Riceviamo e pubblichiamo
Domani, mercoledì 13 gennaio, a “Passato e Presente” si parla di Legione straniera. Dalla scoperta dell'America a quelle scientifiche il tema trattato da Alessandro Barbero a “La bussola e la clessidra”. Prima puntata della serie "The Sense of Beauty", l'evoluzione della bellezza.

A “Passato e Presente” la Legione straniera tra realtà e leggenda
Nata nel 1831 per volontà del re Luigi Filippo, che doveva sostenere la campagna d’Algeria appena iniziata, la Legione straniera è un corpo speciale dell’esercito francese che arruola volontari di ogni nazionalità. Chi diventa legionario abbandona tutto e, all’occorrenza, persino l’identità. La Legione diventa così un riparo per molti avventurieri, perseguitati politici di ogni credo, criminali in fuga. Una caratteristica che ha fatto del legionario una figura romantica, che ha alimentato l’immaginario di tanto cinema e tanta letteratura. A “Passato e Presente”, in onda mercoledì 13 gennaio alle 13.15 su Rai3 e alle 20.30 su Rai Storia, Paolo Mieli ne ricostruisce la storia insieme al professor Ernesto Galli della Loggia. Nella realtà, quella della Legione Straniera è una storia lunga e controversa, piena di battaglie all’ultimo sangue e di atti di eroismo, ma anche macchiata da gravi episodi di violenza su civili e nemici. Ridimensionata per volere di De Gaulle dopo il coinvolgimento del 1° Reggimento Straniero Paracadutisti nel golpe in Algeria del 1961, la Legione è oggi un corpo scelto per le missioni dell’esercito francese nel mondo. 
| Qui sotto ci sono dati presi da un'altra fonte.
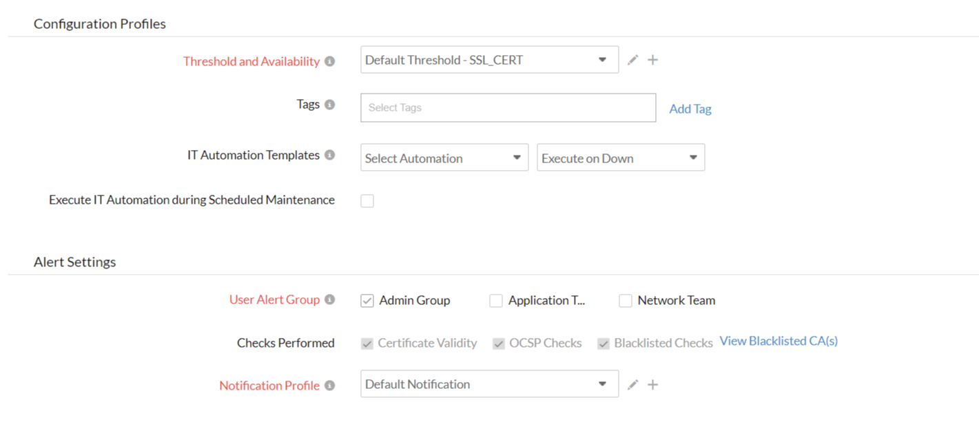 检测 SSL/TLS 证书链时,才能执行 OCSP 检查 。- 通知配置文件:从下拉列表中选择通知配置文件或选择可用的默认配置文件。通知配置文件有助于配置在停机时需要通知的时间和人员。在通知配置文件表单中,您只能 自定义 用于停机/故障告警的电子邮件模板。默认情况下,其他参数将被禁用。

“La bussola e la clessidra”: dalla scoperta dell’America a quelle scientifiche
Le “scoperte”? A volte sono anche frutto di errori. Basta pensare alla scoperta dell’America da parte di Colombo, convinto di raggiungere le Indie. In “La bussola e la clessidra”, in onda in prima visione mercoledì 13 gennaio alle 21.10 su Rai Storia, il professor Alessandro Barbero risponde a molti quesiti sul navigatore genovese, dall’infinito dibattito sulle sue origini, al costo della spedizione, alle fonti su cui Colombo si documentò prima di affrontare l’oceano. Spazio anche per altre scoperte scientifiche, come quelle astronomiche di Galileo, e agli esperimenti alchemici e medici, come quelli di William Harvey

“The Sense of Beauty”: l’evoluzione della bellezza
Siamo tutti interessati alla bellezza e pensiamo di saperne tutto, ma: da dove ha origine? Come e perché la sua percezione cambia a seconda del tempo e dei luoghi? Esiste una bellezza universale? In altre parole: che cos’è la bellezza? Da questo interrogativo prende il via la serie “The Sense of Beauty”, in onda da mercoledì 13 gennaio alle 20.30 su Rai5. Sei episodi – condotti dall’attore e scrittore Domenico Frisby insieme ad artisti, critici, filosofi e scienziati – in cui l’arte e il sapere sono le lenti attraverso le quali inquadrare il “senso” della bellezza. Il primo appuntamento è dedicato all’evoluzione della bellezza: come nasce? La risposta non è frutto della mente di un filosofo né di quella di un importante critico d’arte bensì di un esperto di cirripedi, vermi e uccelli: Charles Darwin. La sua teoria sul potere evolutivo della bellezza ci accompagna in un viaggio che parte dalle prime opere d’arte mai realizzate dall’uomo, prosegue tra i capolavori della natura, ci riporta ai grandi pensatori e capolavori classici per concludersi oggi, a Seul, nel tempio della chirurgia plastica dove il processo evolutivo è passato dalle mani di madre natura al bisturi.